While some fans blame bonus features for altering the integrity of the theatrical version — see the alternative endings for “Blade Runner” — Brereton argued that extras allowed audiences overall to become more actively engaged in films, as with the footage of Quentin Tarantino frantically swinging behind the camera during the shoot of John Travolta and Uma Thurman’s dance sequence in “Pulp Fiction.”
“The fans love this because they are feeling at one with a director who is making a film that they love: There is triangulation of pleasure,” Brereton said.
Easter eggs, or hidden extras, even required fans to actively unlock them. By typing “1138” on the DVD option menu for “Star Wars: Episode III — Revenge of the Sith,” for instance, viewers gained access to a short scene of Yoda rapping.
Since DVD sales plummeted in the late 2000s, however, some in the industry believe major studios have scaled back on spending money to produce extras.
Several studios, including Warner Bros., declined to give numbers or discuss the evolution of extras and their budgets.
“Budgets were definitely more significant across the board when DVDs were a dominant player,” said Julie Dansker, vice president for sales and marketing at the Orchard, an independent distributor.
Now that most video stores are gone, this content is also unavailable to rent — in the physical or digital realms. On iTunes Extras, which was started in 2014, bonus features are only accessible to buyers.
By purchasing “Get Out” for $14.99, users can enjoy an alternate ending, deleted scenes, a behind-the-scene documentary, a sit-down discussion with the writer-director Jordan Peele and his cast, and Peele’s audio commentary, features that are also available on the DVD version.
But some distributors design extras expressly for the iTunes version to increase digital sales: “Dior and I,” a documentary about the Christian Dior design company, for example, made its 2015 debut on Apple’s website with an exclusive photo gallery from a fashion show featured in the film.
Studios, however, do not have incentives for releasing extras on subscription-based platforms. Neither do most streaming services themselves: Netflix, Hulu and Amazon Prime produce few bonus features for their original content. “She’s Gotta Have It,” for instance, the Netflix series from Spike Lee, was released without extras.

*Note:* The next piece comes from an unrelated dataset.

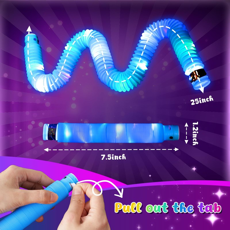 - Large Number of Glow Sticks - Retractable Design: Perfect for kids' events, festivals, and parties, this set includes 24 glow sticks in 6 vibrant colors. Each pop tube features 14 bright LED bulbs with 3 lighting modes: fast flash, slow flash, and steady light, creating a captivating glow. When stretched, each tube extends to 25 inches, while its size is 7.5 x 1.2 inches before stretching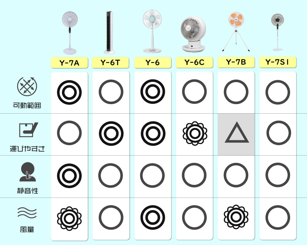 ・サイズ面でもコンパクトな商品が多く、サーキュレーターやタワーファンのように、

FilmStruck is among the niche streaming services that gives access to plenty of bonus features.
“It’s the only streaming platform I know of that allows you to switch on the fly between the film’s soundtrack and the audio commentary track,” said Peter Becker, president of the Criterion Collection, which is a partner with Turner Classic Movies on FilmStruck.
But even cinephiles may take some convincing.

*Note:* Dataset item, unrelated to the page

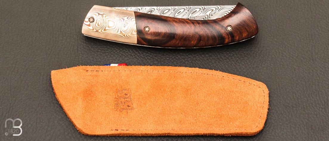 Couteau " Pièce unique N°2/4 " par Manu Laplace - Atelier 1515 - Bois de fer - Damas Mokumé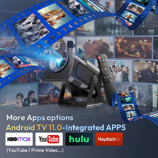 Smart Projector Native 1080P Support 4K, 390 ANSI HD Brightness, Android 11.0, Wifi 6, Auto Focus & Keystone Correction

Greg Oxenberg, 28, a film student at New York University, said he loved Criterion titles, but was not drawn to streaming.
“I use the New York Public Library a lot because they have tons of different locations and you can order the DVDs you’re looking for online,” said the self-described film nerd, who likes dissecting director commentaries to hone his screenwriting skills.
Jonathan Foster, 36, an aspiring screenwriter who was leaving Bergman’s “Smiles of a Summer Night” at Film Forum one evening last month, said he’s fond of extras, but has cut back on buying DVDs for financial reasons. For movie analysis, these days, he turns to websites like the Playlist, IMDb or RogerEbert.com.
“But it’s not quite as convenient as having it all on that disc and popping it in,” he admitted.
Foster’s wistful comment made me melancholic about my time spent at Mister Video III. Maybe, I thought, the DVDs stored in Perez’s man cave will pay off after all.
But for now, like Perez’s store — and my idle 20s — it appears as though access to hours of geeky, director-narrated analysis at a low cost is gone.